The Cybersecurity and Infrastructure Security Agency (CISA) issued Emergency Directive (ED) 21-04 today to mitigate a Microsoft Windows print spooler service vulnerability CVE-2021-34527 being actively exploited. Federal civilian agencies are required to immediately disable the print spooler service on Microsoft Active Directory Domain Controllers, apply the Microsoft July 2021 cumulative updates, and make additional configuration changes to all Microsoft Windows servers and workstations within one week.
Exploitation of the vulnerability allows an attacker to remotely execute code with system level privileges, enabling a threat actor to quickly compromise the entire identity infrastructure of a targeted organization.
The emergency directive is in response to validated active exploitations.
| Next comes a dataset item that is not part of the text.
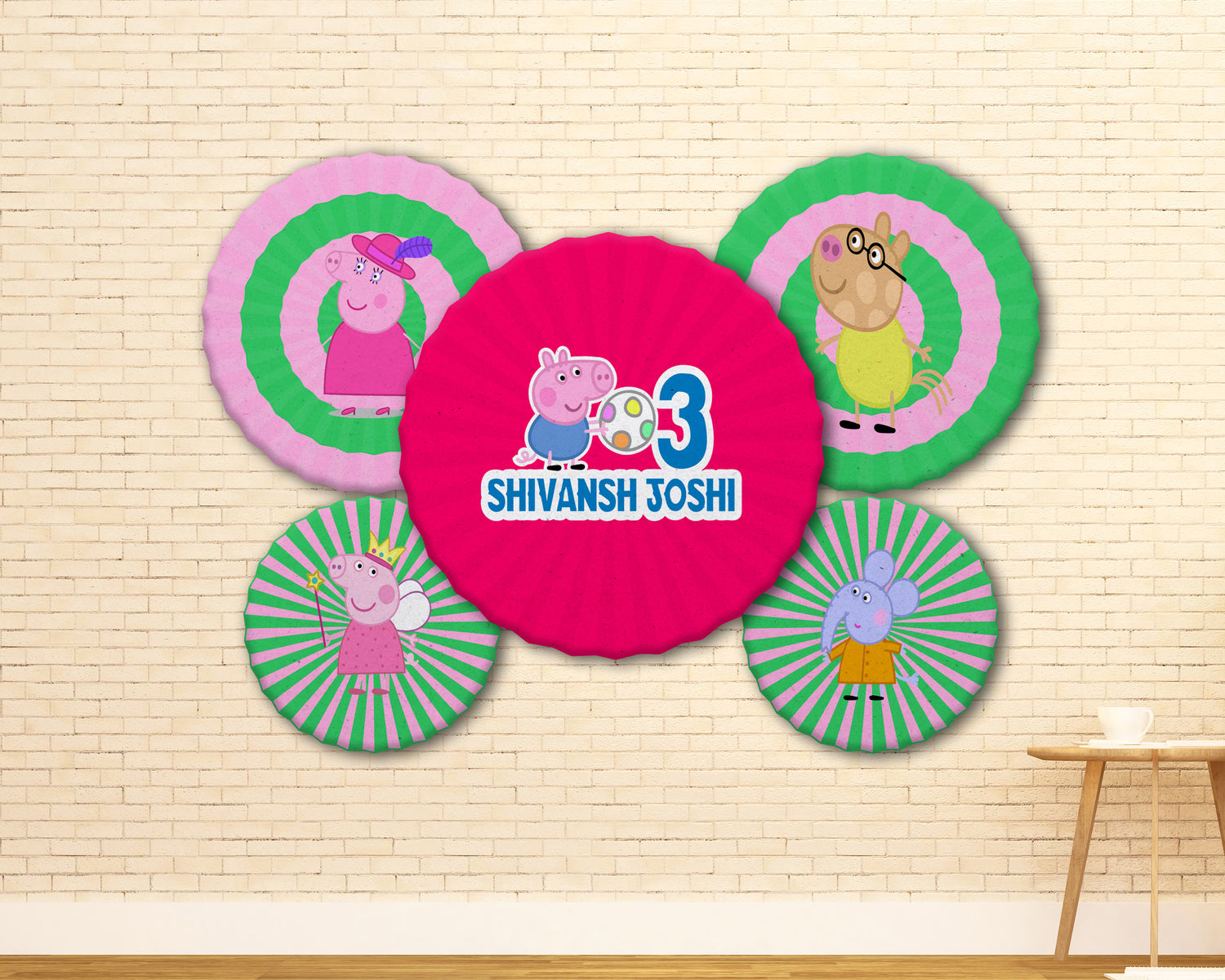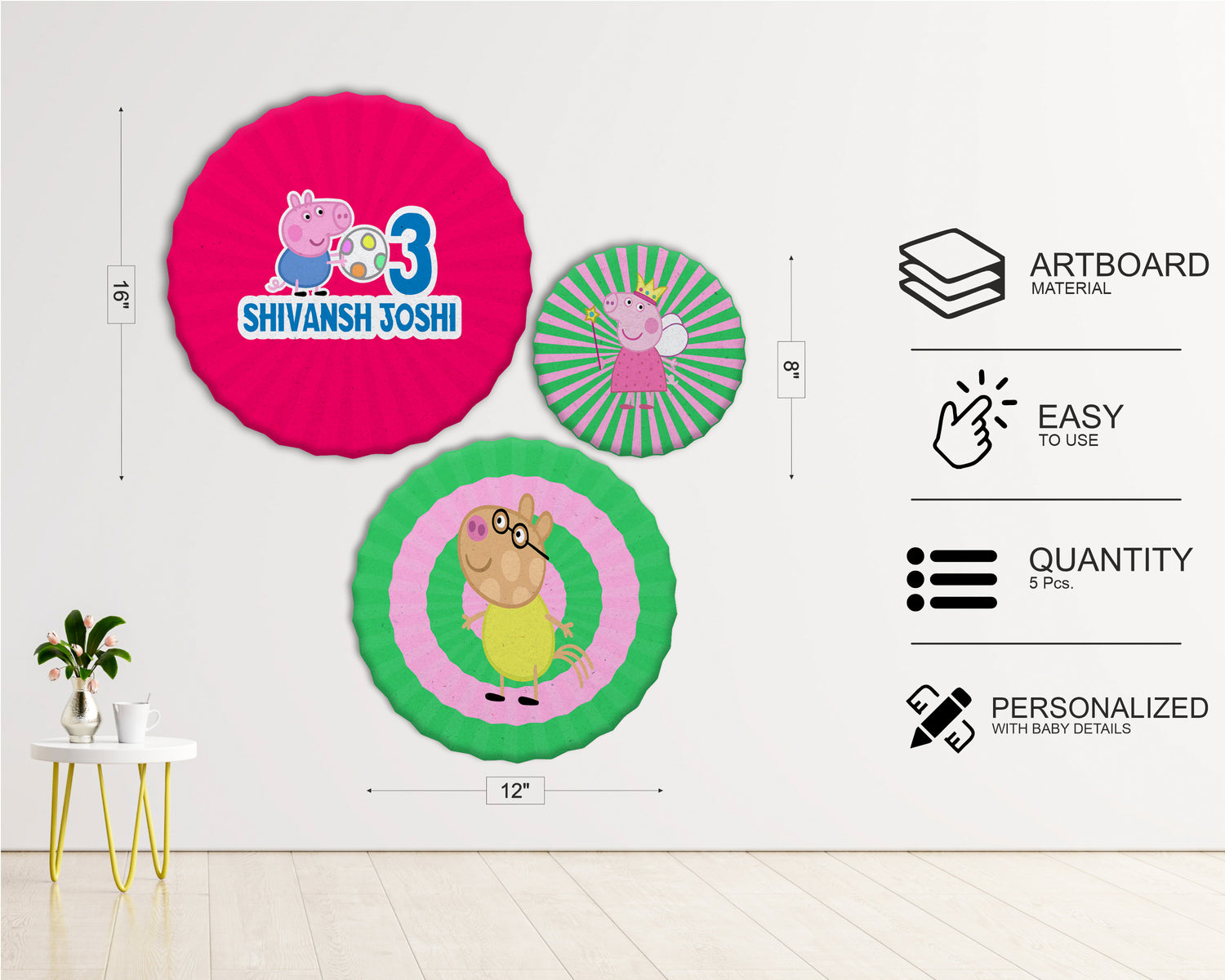 Peppa Pig Boy Paper Fan with related characters placed at the centre which is mainly used for Birthday Party Decorations and made of quality chart material.

CISA is concerned that exploitation of this vulnerability may lead to full system compromise of affected agency networks if left unmitigated.
“Since this exploitation was identified, CISA has been engaged with Microsoft and federal civilian agencies to assess potential risk to federal agencies and critical infrastructure,” said Eric Goldstein, Executive Assistant Director for Cybersecurity, CISA. “CISA’s mission is to protect the nation against cybersecurity threats, and this directive reflects our determination to require emergency action for exploitations that pose an unacceptable risk to the federal civilian enterprise. We will continue to actively monitor exploitation of this vulnerability and provide additional guidance, as appropriate.”
Although only directed to federal agencies, CISA encourages public and private sector organizations to review our directive and consider similar steps to mitigate this vulnerability and avoid being exploited by malicious cyber actors.